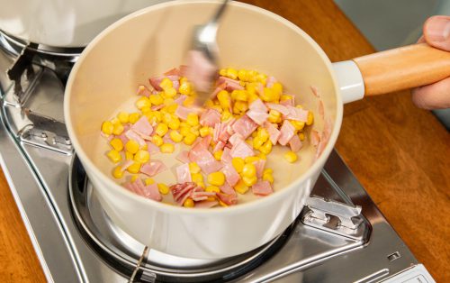 2.ผัดข้าวโพด กับแฮม กับเนย จนสุกหอม พักไว้
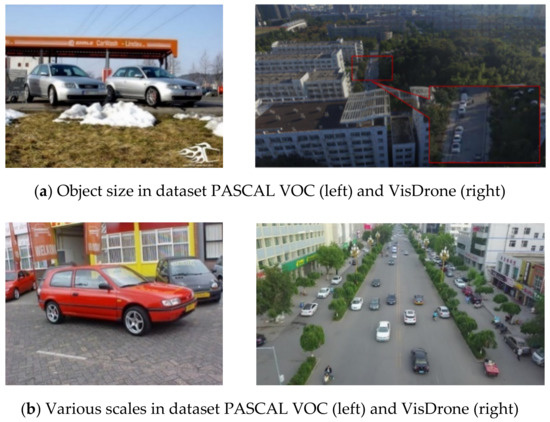 There exist some significant differences between nature images (e.g., PASCAL VOC [16]) and UAV images (e.g., VisDrone [17]), leading to two major challenges of object detection. The first challenge is that high-resolution UAV images tend to contain small objects (area < 322 pixels) and are generally sparsely distributed, as Figure 1a depicts. The features of small objects are difficult to describe because the small scale of the target is featured by fewer pixels, which is likely to cause information to gradually disperse or even vanish when they pass through a deep network. Sparse objects in images with a wide field of view are easier to be confused with complex backgrounds. Second, extreme object scale variation and special UAV perspectives can be present, as Figure 1b depicts. The UAV images of large-scale scenes are affected by the variety of altitudes and perspectives of UAVs. When UAVs shoot at lower altitudes, objects become more negligible. Objects become smaller when UAVs shoot at higher altitudes. Lengthening the perspectives also causes distant objects to become smaller. Even objects of the same class may differ several times in scale.
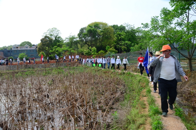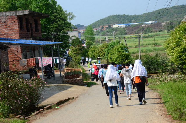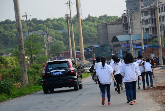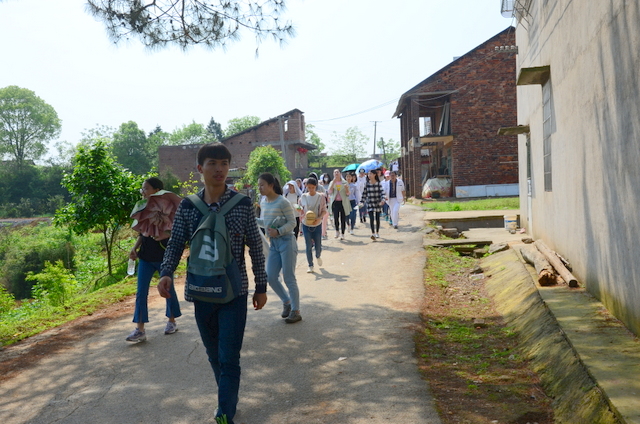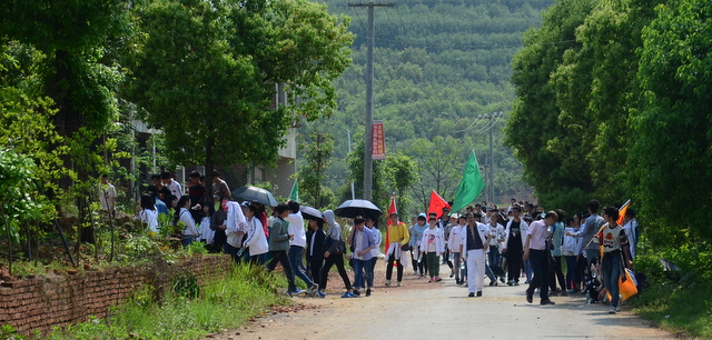 第一个休息点是在耒阳市蔡伦科技园所在地——大金村,这里是湖南省新农村建设的示范村,风景优美,绿树成荫,是休息的好地方。有的同学向附近的人家借座,有的在树下乘凉,这时候人群又热闹起来,好奇的凑前看,原来是有同学在现场,手里拿着“小蜜蜂”正在献唱。和着歌曲,毫不胆怯,自信张扬。当真是有明星风采。
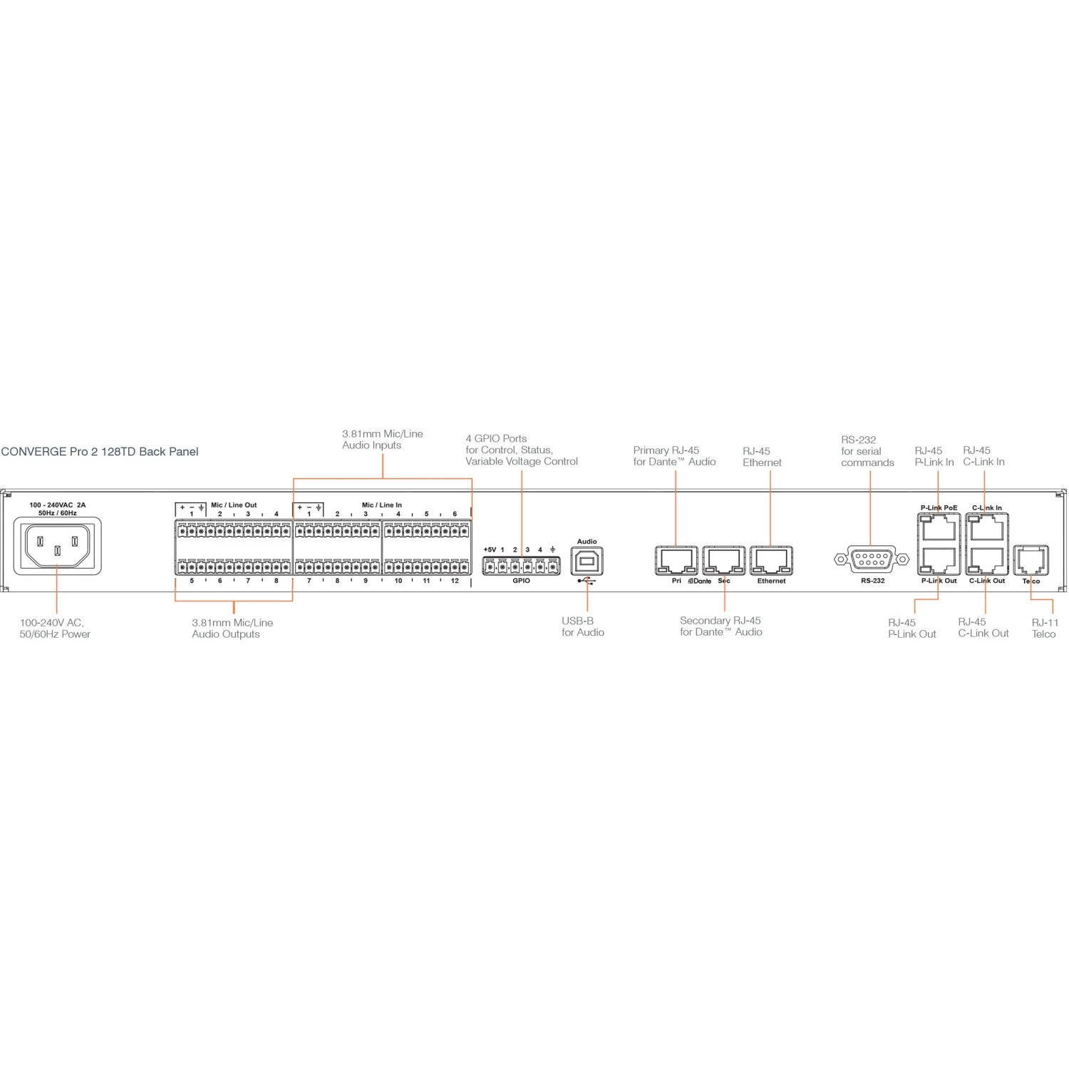| Terminals | (12) x audio line-out / microphone – terminal block (4) x GPIO – terminal block USB – 4 pin USB type B (1) x network – RJ-45 (1) x serial – 9 pin D-Sub (DB-9) (1) x P-Link in – RJ-45 (1) x P-Link out – RJ-45 (1) x C-Link in – RJ-45 (1) x C-Link out – RJ-45 |

- - - -

• _Work to complete_
Without copying any picture, write out all of the material exactly as it reads.

• _Answer box_
 2.ผัดข้าวโพด กับแฮม กับเนย จนสุกหอม พักไว้
 There exist some significant differences between nature images (e.g., PASCAL VOC [16]) and UAV images (e.g., VisDrone [17]), leading to two major challenges of object detection. The first challenge is that high-resolution UAV images tend to contain small objects (area < 322 pixels) and are generally sparsely distributed, as Figure 1a depicts. The features of small objects are difficult to describe because the small scale of the target is featured by fewer pixels, which is likely to cause information to gradually disperse or even vanish when they pass through a deep network. Sparse objects in images with a wide field of view are easier to be confused with complex backgrounds. Second, extreme object scale variation and special UAV perspectives can be present, as Figure 1b depicts. The UAV images of large-scale scenes are affected by the variety of altitudes and perspectives of UAVs. When UAVs shoot at lower altitudes, objects become more negligible. Objects become smaller when UAVs shoot at higher altitudes. Lengthening the perspectives also causes distant objects to become smaller. Even objects of the same class may differ several times in scale.
 第一个休息点是在耒阳市蔡伦科技园所在地——大金村,这里是湖南省新农村建设的示范村,风景优美,绿树成荫,是休息的好地方。有的同学向附近的人家借座,有的在树下乘凉,这时候人群又热闹起来,好奇的凑前看,原来是有同学在现场,手里拿着“小蜜蜂”正在献唱。和着歌曲,毫不胆怯,自信张扬。当真是有明星风采。
| Terminals | (12) x audio line-out / microphone – terminal block (4) x GPIO – terminal block USB – 4 pin USB type B (1) x network – RJ-45 (1) x serial – 9 pin D-Sub (DB-9) (1) x P-Link in – RJ-45 (1) x P-Link out – RJ-45 (1) x C-Link in – RJ-45 (1) x C-Link out – RJ-45 |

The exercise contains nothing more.